**What you should do:** Through the line with "陈浩民和蒋丽莎在登上从迪拜飞" and starting from the first line, return the records below word for word, with pictures left out.

**Supplied records:**
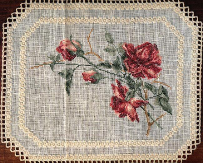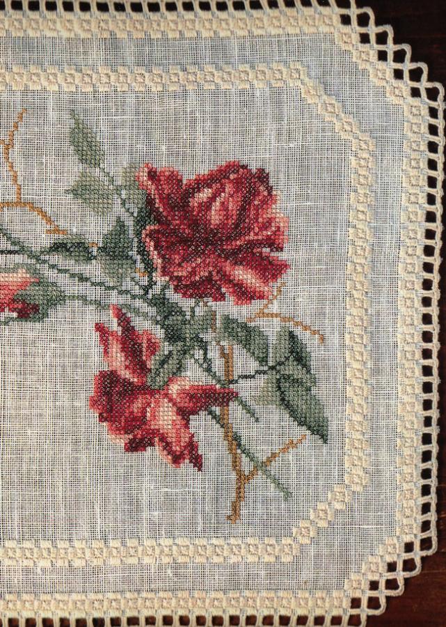 The Climbing Rose has a stitch count of 178 wide x 146 high (with hardanger) 126 wide x 95 high for roses only. Climbing Rose was worked in cross stitch using one strand of cotton over 2 threads of 30 count linen.
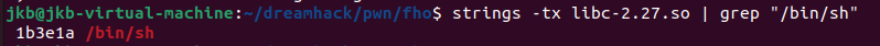 strings -tx libc-2.27.so | grep "/bin/sh"
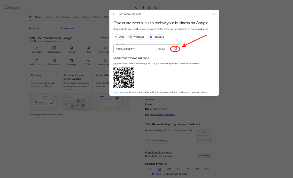 - The pop up will show your review link and also your QR code that you can share. Copy your review link by clicking the copy button to the right side of the link.
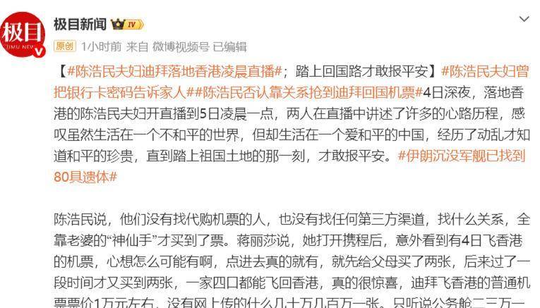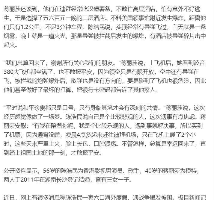 陈浩民和蒋丽莎在登上从迪拜飞回香港的飞机前把银行卡密码全都告诉了其他家人,这不是开玩笑,是真的。 蒋丽莎后来在直播里说,因为领空只是有限开放,天上还有导弹在飞,被拦截的炮弹炸开后,碎片乱飞,谁也不知道会不会打到飞机。
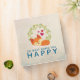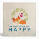 Un classeur avec un dessin animé d'un mignon renard orange dormant tranquillement avec un petit coeur rose et rouge. Un feuillage vert se trouvait derrière. Le texte dit : "Faites ce qui vous rend heureux". Arrière - plan de couleur crème rustique avec un motif de tendance aux formes géométriques sobres.
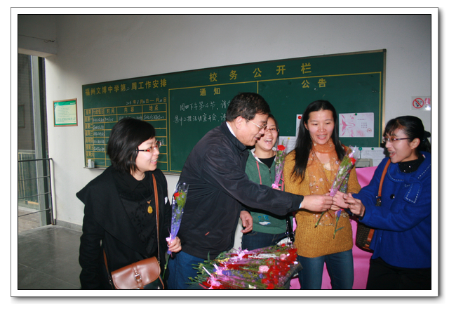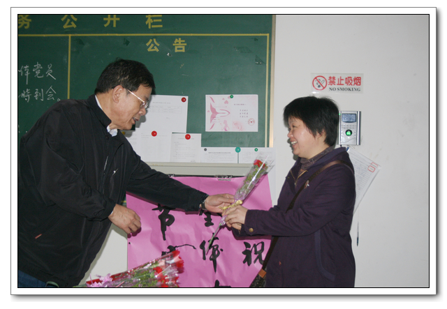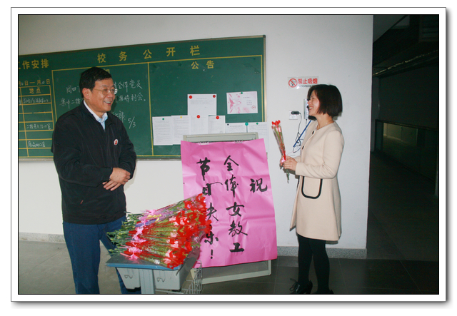 春无主!杜鹃啼处,泪染胭脂雨。又是一年春暖花开时,迎来了2013年“3·8国际妇女节”,早晨6∶50校领导俞继圣校长、校工会周啸翔主席,站立在学校办公楼的教工打卡处,给女教职工们献上一朵包装精美的康乃馨,祝愿全校135位女教职工节日快乐!清新的花香交织着女教工们喜悦的心情,温馨幸福之感挂满教工的脸庞……
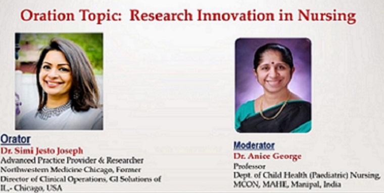 Following the inauguration, Oration in memory of Late Dr. Aparna Bhaduri on the topic, “Research Innovation in Nursing” was held. The oration was presented by Dr Simi Jesto Joseph, who is the alumna of MCON, Manipal, now the Advanced Practice Provider and Researcher, North-western Medicine Chicago, Former Director of Clinical Operations, GI Solutions of IL, Chicago, USA. She said that nurses are real-time problem solvers, innovators, and have creativity. She gave a historical overview on research in nursing across the world and in India and the various publications, societies, organisations and research developments in Nursing. She explained that innovation is the novel application of ideas, implementation of something new, improvement to an existing product or process and continued relevance. She emphasized the process of innovation, dimensions, need to conduct innovative research giving examples of the pandemic innovations in nursing which may stay in future healthcare delivery. She further highlighted that to prepare competent nurses- innovation and creativity are necessary for nursing education and practice. Dr Anice George, Professor, Department of Child Health (Paediatric) Nursing, MCON, MAHE, Manipal, moderated the oration by introducing both Dr. (Late) Aparna Bhaduri, and her contributions to nursing at MCON and in India and also the speaker.
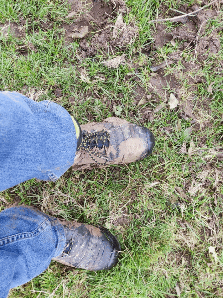 Trench 3 descended onto clay layers at about 0.6m. Shown below on my boots the remnants of trying to dig into the clay at 1.2m
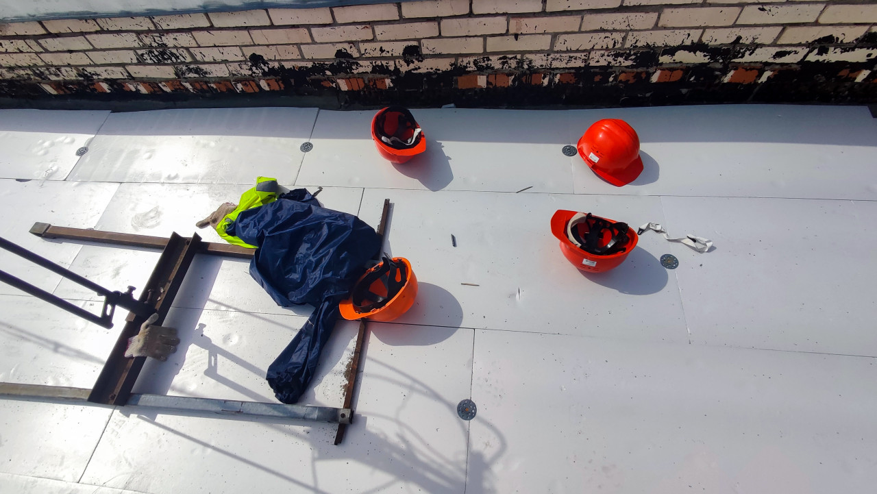На фото изображена часть крыши, покрытая новым белым материалом, на которой лежат несколько красных строительных касок, защитная одежда и перчатка. На заднем плане виден кирпичный парапет с остатками битумного покрытия. Снимок отражает тему охраны труда и организации рабочего процесса на строительной площадке, может использоваться в материалах о безопасности и строительных работах.
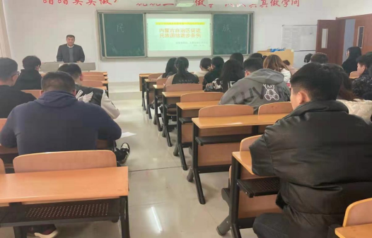 李景杰结合刚刚结束的中央民族工作会议精神和内蒙古自治区与beat365官网实际详细宣讲了《内蒙古自治区促进民族团结进步条例》,要求同学们业余时间认真学习条例内容,以实际行动落实铸牢中华民族共同体意识的要求,做文明典范、时代新人。
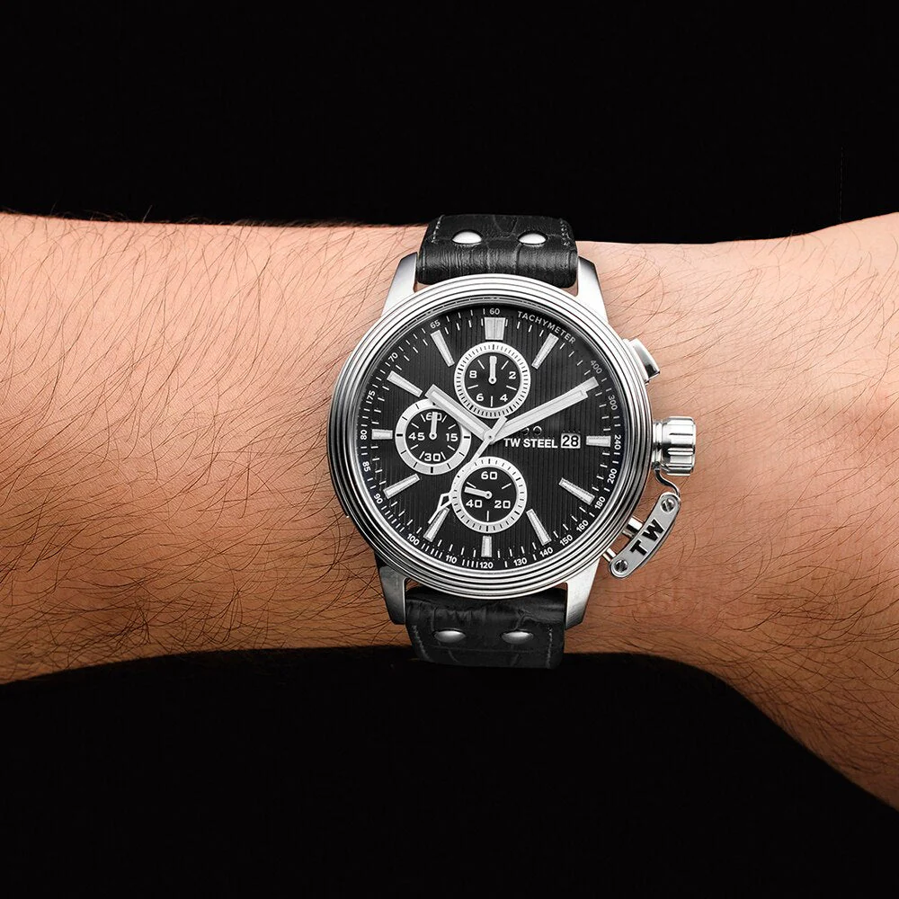 – Black dial with applied chrono rings
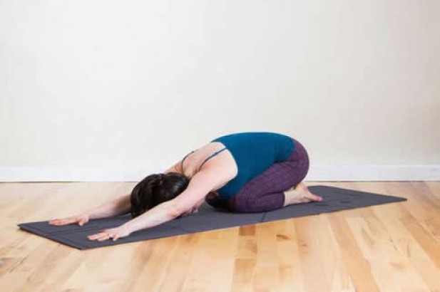 跪立,双腿分开,臀部坐向脚后跟,身体向前,试图用额头触地。
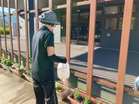 入居者様が「カエルもこんなに暑いとやれんよね~」と言われたので、カエルに水をかけにいきました。
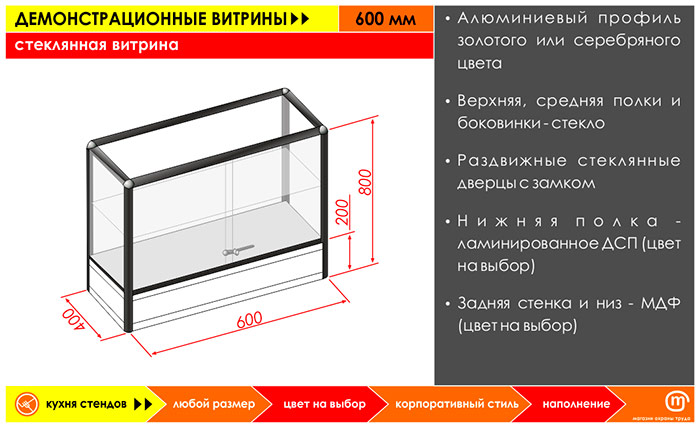 Стеклянная витрина, 600 мм в Кызыле купить
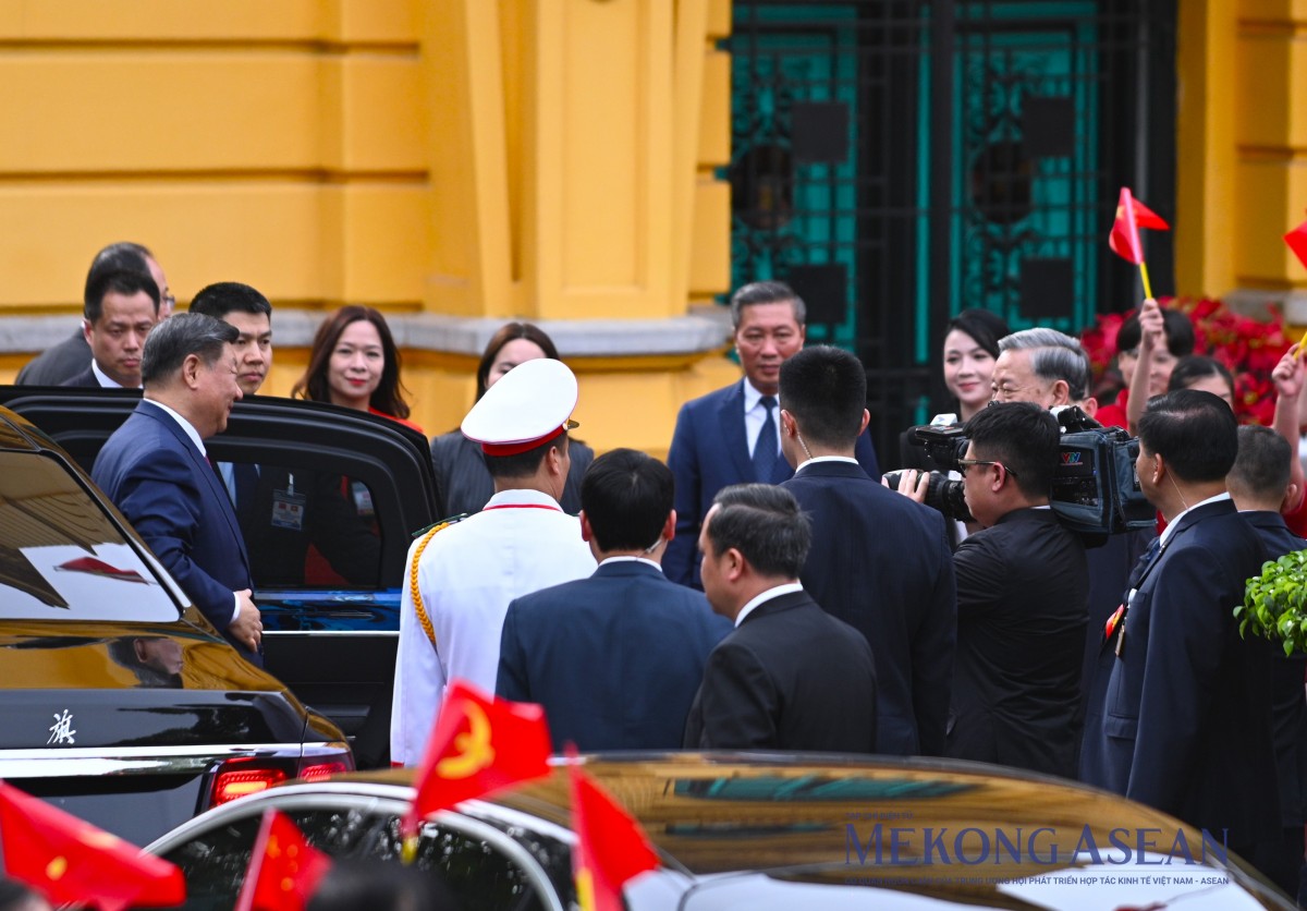 Trong tiếng nhạc chào mừng, Tổng Bí thư Tô Lâm mời Tổng Bí thư, Chủ tịch nước Trung Quốc Tập Cận Bình bước lên bục danh dự. Quân nhạc cử Quốc thiều Trung Quốc và Việt Nam đồng thời 21 phát đại bác chào mừng được bắn từ Hoàng thành Thăng Long trong Lễ đón.
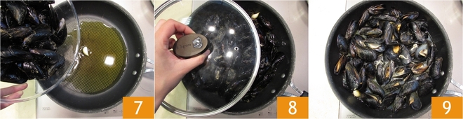 Heat some oil in a pan and add the mussels 7, then cover with a lid 8 and cook for about 5 minutes, until they have opened 9.
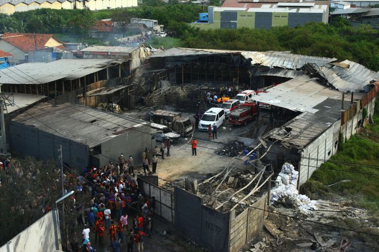 TRIBUNNEWS.COM - Gudang sekaligus pabrik petasan milik PT Panca Buana Cahaya Sukses di Kosambi, Tangerang, mengalami kebakaran, Kamis (26/10/2017).
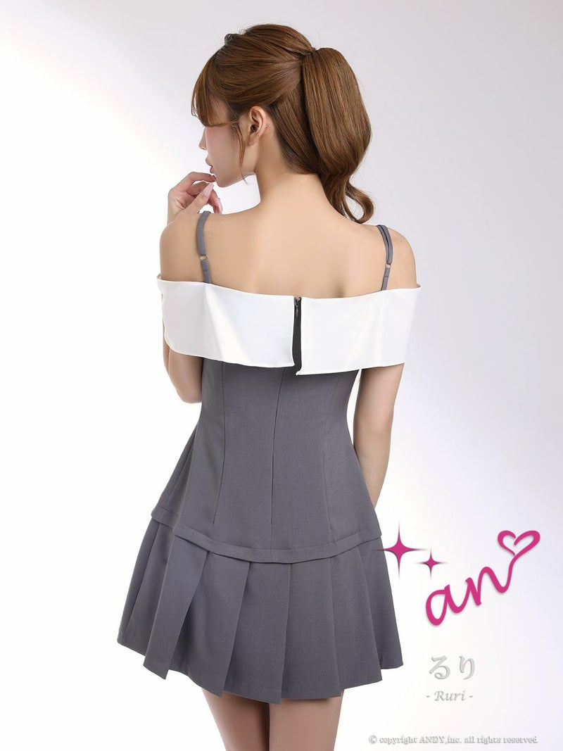 5. [an/アン] 高級 ブランド ミニドレス Aライン リボン 同伴 肩あき ビジューボタン プリーツスカート キャバドレス [andy-md-aoc3962z]
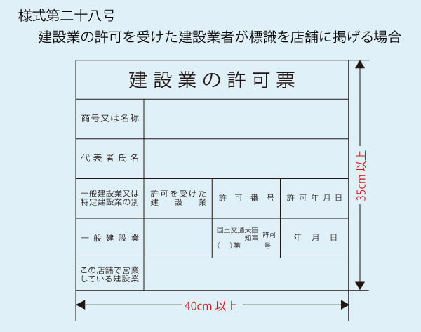 建設業者は、その店舗及び建設工事(発注者から直接請け負つたものに限る。)の現場ごとに公衆の見やすい場所に、国土交通省令の定めるところにより、許可を受けた別表第一の下欄の区分による建設業の名称、一般建設業又は特定建設業の別その他国土交通省令で定める事項を記載した標識を掲げなければならない。

**Completed exercise:**
 The Climbing Rose has a stitch count of 178 wide x 146 high (with hardanger) 126 wide x 95 high for roses only. Climbing Rose was worked in cross stitch using one strand of cotton over 2 threads of 30 count linen.
 strings -tx libc-2.27.so | grep "/bin/sh"
 - The pop up will show your review link and also your QR code that you can share. Copy your review link by clicking the copy button to the right side of the link.
 陈浩民和蒋丽莎在登上从迪拜飞回香港的飞机前把银行卡密码全都告诉了其他家人,这不是开玩笑,是真的。 蒋丽莎后来在直播里说,因为领空只是有限开放,天上还有导弹在飞,被拦截的炮弹炸开后,碎片乱飞,谁也不知道会不会打到飞机。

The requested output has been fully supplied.